A few months ago and coinciding with Apple’s last keynote held on October 30th, a friend was surprised that he had not yet written in this blog about Apple and its product strategy. The truth is that I’ve thought several times about using Apple as an example of how to launch a product on the market, but so much has been written about the subject that I prefer to deal with it from the opposite perspective: what mistakes to avoid when launching a product. And what better example to illustrate these errors than one of my favorite products of all times, a product ahead of its time, a novel product, quality, technological but that failed miserably: the Segway PT.
Before we get into flour with the errors, let’s do a little memory for the millenials who believe that the electric skates were invented by Xiaomi. The segway was launched in 2001 by Dean Kamen with the aim of revolutionizing world transport. It was a 2-wheel parallel electric vehicle with gyroscopic system and high handlebars.
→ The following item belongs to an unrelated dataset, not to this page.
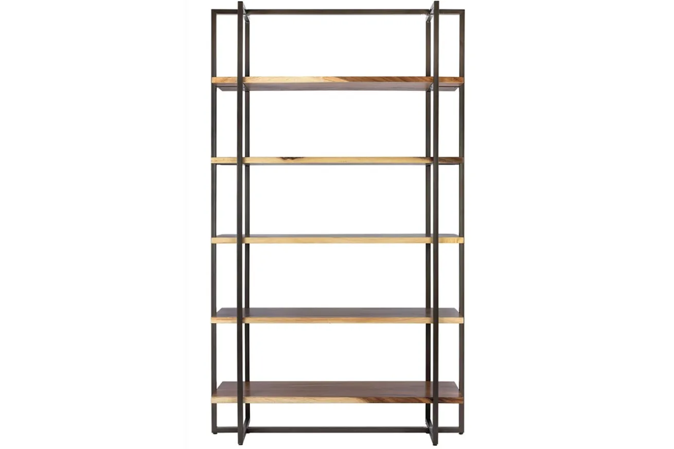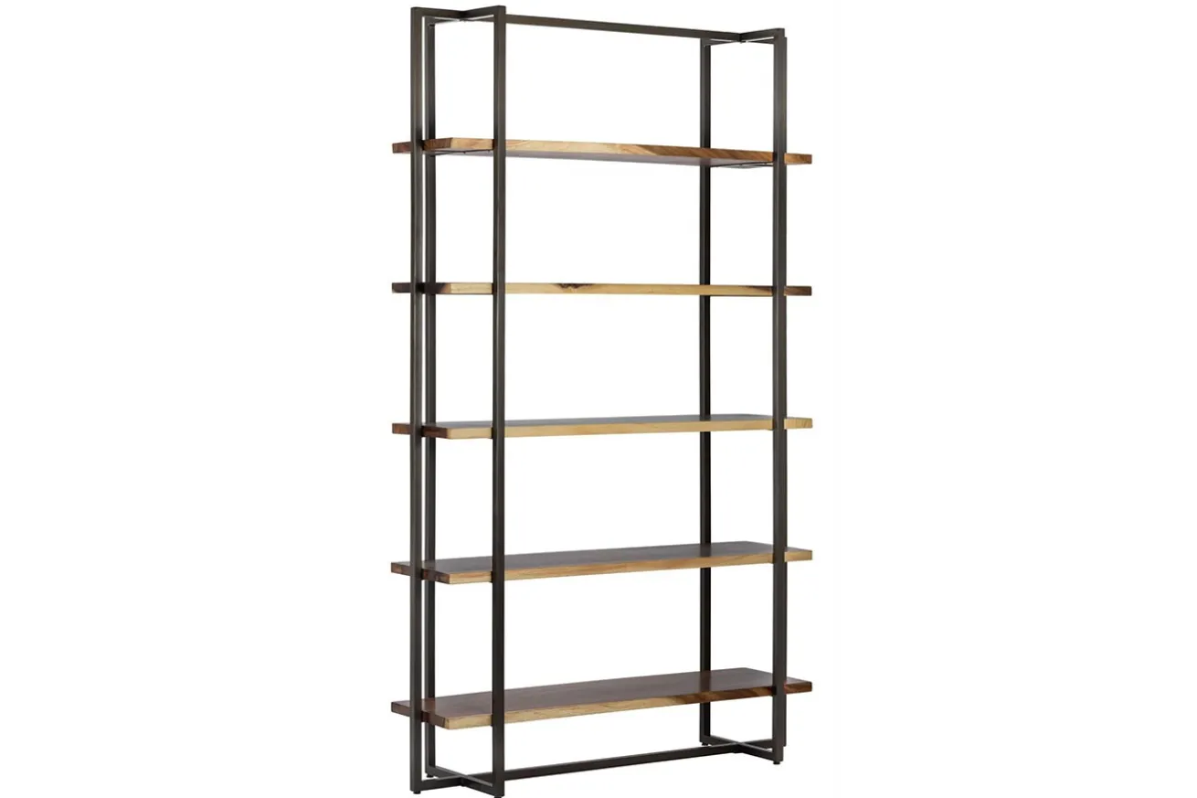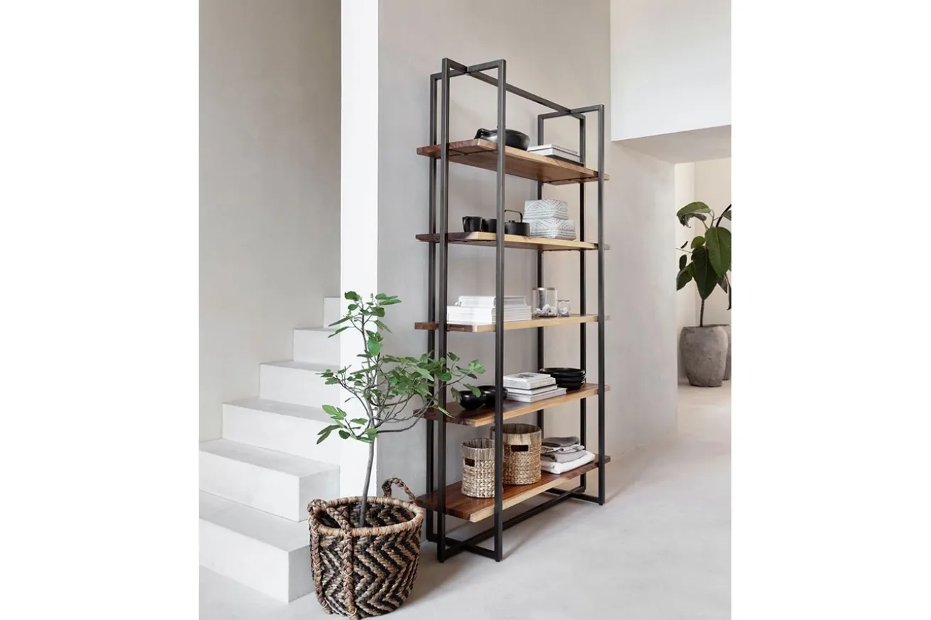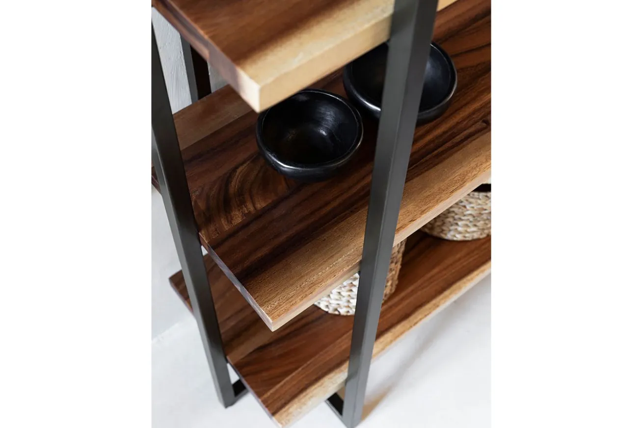 Die schwarzen Metallfüße verleihen dem Regal eine moderne Note und bieten gleichzeitig Stabilität und Langlebigkeit. Die klaren Linien des Gestells bilden einen kraftvollen Kontrast zur organischen Textur des Suarholzes, wodurch ein harmonisches Gleichgewicht zwischen Natur und Industrie entsteht.

After the initial launch the sales figures were not as expected and although the company continued to develop the product, it was clear that it had remained a very expensive niche product. The company changed owners several times and in 2011 it had one of the most surreal events in the business world: the company had been acquired by Mr. Heldesen and during the trial of one of the Segway models on his estate, he fell down a cliff and was killed. Recently in 2015 it was acquired by the Chinese company Ninebot, one of the giants of the new market of electric scooters, who is in the process of updating the Segway product catalog.
Let’s look at some of the mistakes Segway made when launching its product:
- Unrealistic expectations: when launching any consumer product, it is important to manage expectations well so as not to cause frustration to customers. The launch of the Segway is remembered as one of the most anticipated and expected. Before launching it, celebrities who saw it said “it was going to change the transport”, that “it was a game-changer”, that it would sell “10,000 units a week” or that “it would be the product in reaching the million dollars of sales in less time in history”. The media campaign, PR and creation of buzz was spectacular but with the great risk of not being able to meet expectations (as it did). The reality is that in this hypercompetitive world, there are very few companies/persons (e.g. Apple or Elon Musk) whose announcements are expected by the market and who can therefore use it as a marketing tool. Take-away: avoid giving expected sales figures when launching as well as using concepts such as “game-changer”, “revolutionary” or “product of the century”.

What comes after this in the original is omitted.